The completion date for the South Third Avenue rebuild will be delayed after crews tore up the road and discovered clay so thick they had to use another piece of construction equipment to pull a motor grader free from its grasp.
Bruce Campbell, assistant city engineer, updated the Marshalltown City Council Monday, saying the road was built directly atop dirt. Over the years, moisture seeped through cracks in the pavement and created roughly 2 feet of clay the consistency of pudding, Campbell said.
"It's nothing but guck," he said. "Those waters would get into the soil and not go anywhere it just soaks up the water and doesn't allow it to go anywhere."
A motor grader is shown here stuck in the mud on South Third Avenue May 17. Laying a geo grid atop the clay to ensure the road has a strong foundation will add roughly $50,000 and a week to the road’s rebuild.
ConStruct Inc., the company doing the rebuild, has already cored out 18 inches of the clay, but crews have to stop somewhere, Campbell said. The only viable option is to lay a geogrid over the top, line the plastic polymer with rock and build the road on that, he said.
Adam Daters, project manager with Clapsaddle Garber Associates, said once the geogrid stabilizes the road, construction can proceed normally. A change order in the amount of roughly $50,000 will be needed to fund the addition.

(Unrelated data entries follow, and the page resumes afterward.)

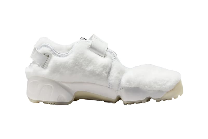 At first glance, the upper’s soft, white, hairy fur exudes cozy, winter-ready warmth, creating a striking contrast with the sleek lines of the Air Rift silhouette. Yet the design goes far beyond minimalism. Subtle leather trims along the lining and buckle areas, metallic accents on the straps, and delicate Nike embroidery on the back strap reveal layers of careful detailing. Together, these elements showcase Nike’s meticulous craftsmanship while honoring the understated sophistication intrinsic to Japanese design.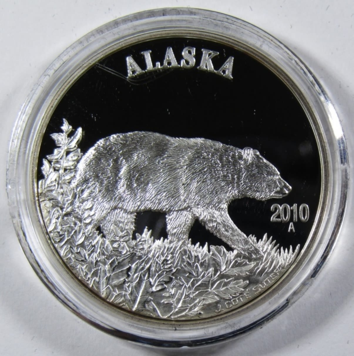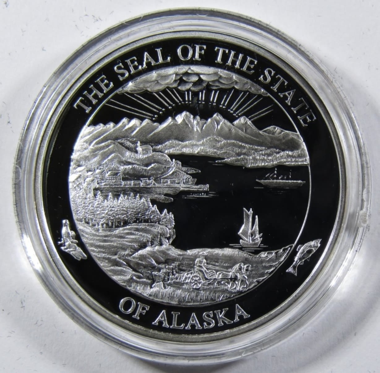 OFFICIAL STATE OF ALASKA MEDALLION, ALASKA MINT, IN VELVET CASE WITH COA.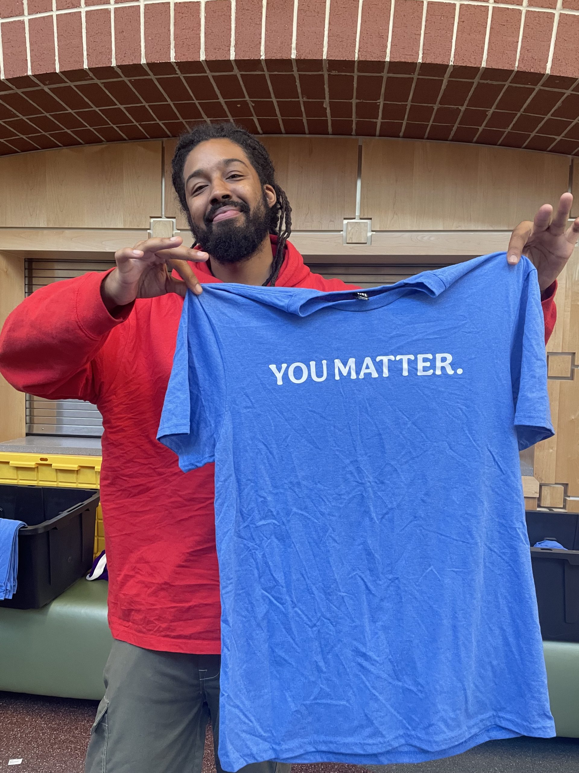 Donned in “You Matter” T-shirts, each read aloud a note on balled-up pieces of paper.
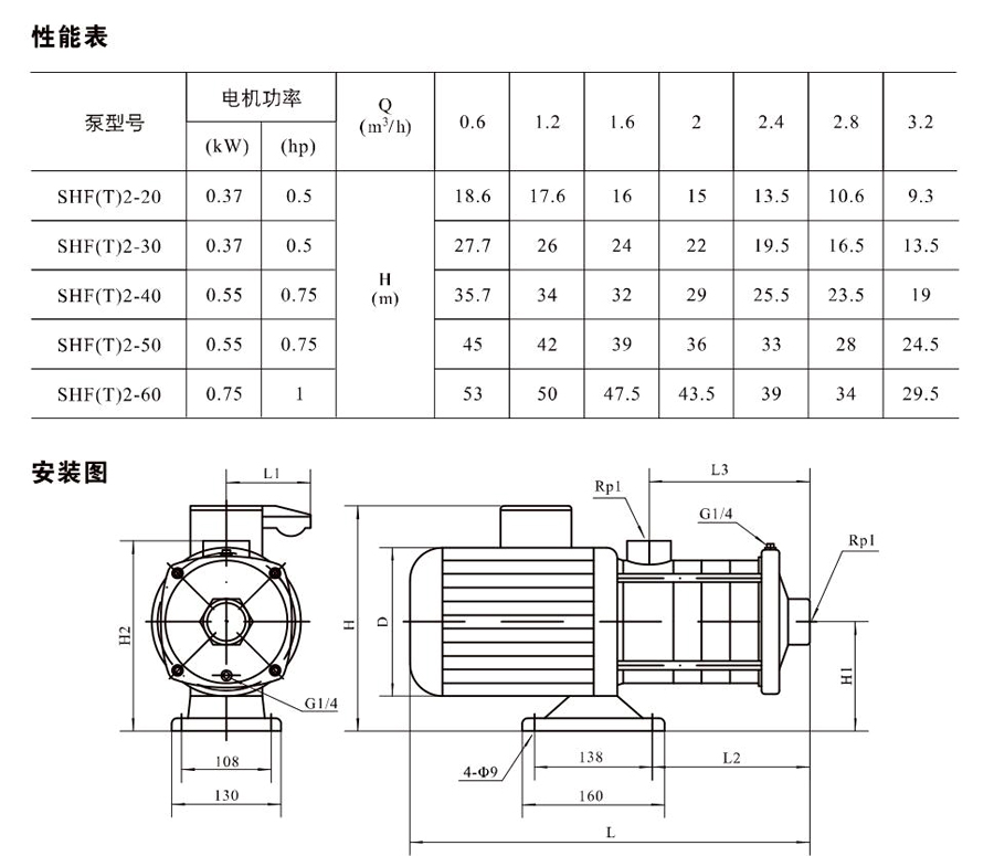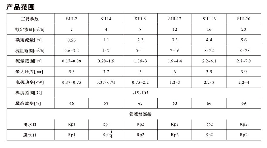 SHL/SHF/SHFT2為臥式多級非自吸多級離心泵,配加長軸電機。緊湊式結構使泵尺寸很小,軸向入口或徑向出口。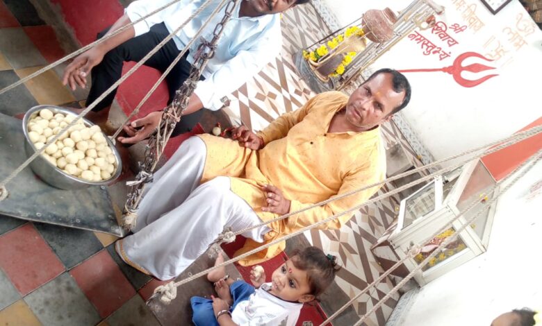 खाटू श्याम मंदिर पर मन्नत पूरी होने पर किया गया लड्डू से तुलादान।

However, Campbell said because bids for several road projects came in under the engineer's estimate earlier this year, the city can afford the change order, and it will not put the city over the amount budgeted for road work this year.
Crews originally had 60 calendar days to complete the rebuild, but Daters said the setback could add another week or more to the project's completion date. He said the change order takes into account how much clay crews have already encountered as well how much CGA anticipates encountering on the remaining stretch of street being rebuilt.
Campbell said clay is of the same sort crews encountered on Nicholas Drive. So far, crews have found 250 lineal feet of the clay.
Dealing with the material is difficult, Daters said.
"This isn't even really mud," he said. "It doesn't even dry out."